Your instructions:
Without any pictures, print exactly the lines that run from the start of the data through the line containing "Genießen Sie den".

Recorded information:

+ + +

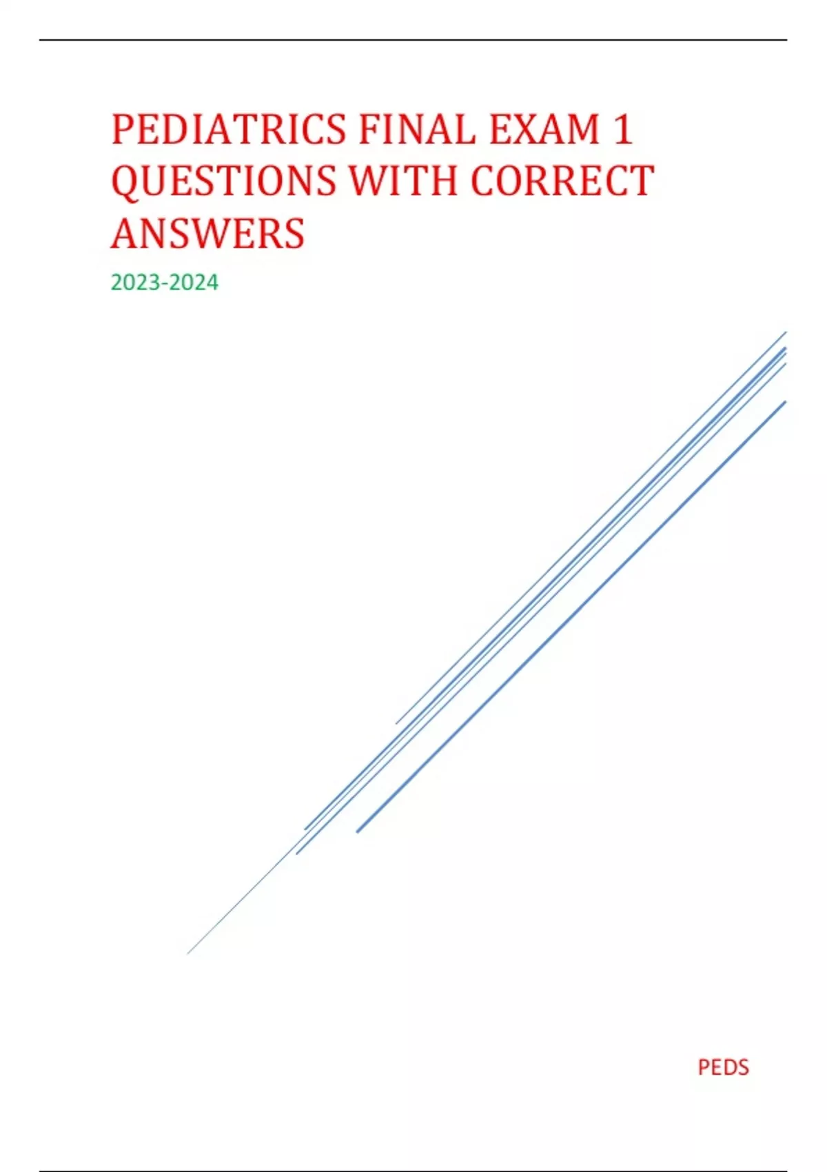 PEDIATRICS FINAL EXAM 1 QUESTIONS WITH CORRECT ANSWERS
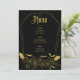 Genießen Sie den Zauber dieses gotischen Hochzeitsmenüs, das perfekt für eine Halloween-Hochzeit geeignet ist. Dieses moderne, elegante Design verbindet eine boho-dunkle Ästhetik mit einer launenhaften, spoky Atmosphäre, die das Wesen einer Oktoberfeier abbildet. Dieses Hochzeitsmenü mit Fledermaus- und Spinnennetzmotiven und zarten Blumenelementen zeigt eine beeindruckende Farbpalette in Schwarz und Gold. Set Sie den Ton für Ihren besonderen Tag mit einer einzigartigen Mischung aus gespenstischer Schönheit und zeitloser Eleganz.
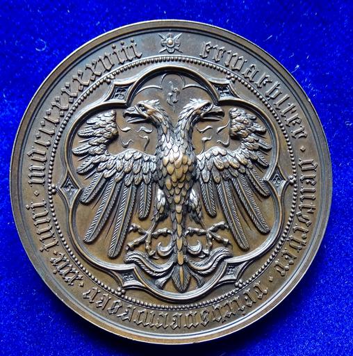 Keywords: Archduke John of Austria 1848 Frankfurt Br.- Medal, reverse.jpg en Bronze medallion d 43 mm Commemoration of the election of the German Imperial Regent by the Frankfurt Parliament after the March Revolution of 1848 Archduke John of Austria German Erzherzog Johann Baptist Joseph Fabian Sebastian von Österreich 1782 Florence Grand Duchy of Tuscany “ 1859 Graz Styria Austrian Empire a member of the House of Habsburg German Imperial Regent Reichsverweser during the Revolution of 1848-1849 Portrait l around johann · erzherzog von · österreich / Imperial Eagle surrounded by erwaehlter · deutscher · reichsverweser · xxix · iuni · mdcccxxxxviii J F 1144 Medallist K Karl Radnitzky Bildhauer und Medailleur in Wien 1818 Wien - 1901 Vienna Austria Condition Beautifully toned EXTREMELY FINE+ 1848-06-29 own Berlin-George other versions cc-by-sa-4 0 PD-old-100 PD-1923 Medals from Austria Archduke Johann of Austria 1848 medals 1848 in Frankfurt am Main |

+ + +

Output for this task:
 PEDIATRICS FINAL EXAM 1 QUESTIONS WITH CORRECT ANSWERS
 Genießen Sie den Zauber dieses gotischen Hochzeitsmenüs, das perfekt für eine Halloween-Hochzeit geeignet ist. Dieses moderne, elegante Design verbindet eine boho-dunkle Ästhetik mit einer launenhaften, spoky Atmosphäre, die das Wesen einer Oktoberfeier abbildet. Dieses Hochzeitsmenü mit Fledermaus- und Spinnennetzmotiven und zarten Blumenelementen zeigt eine beeindruckende Farbpalette in Schwarz und Gold. Set Sie den Ton für Ihren besonderen Tag mit einer einzigartigen Mischung aus gespenstischer Schönheit und zeitloser Eleganz.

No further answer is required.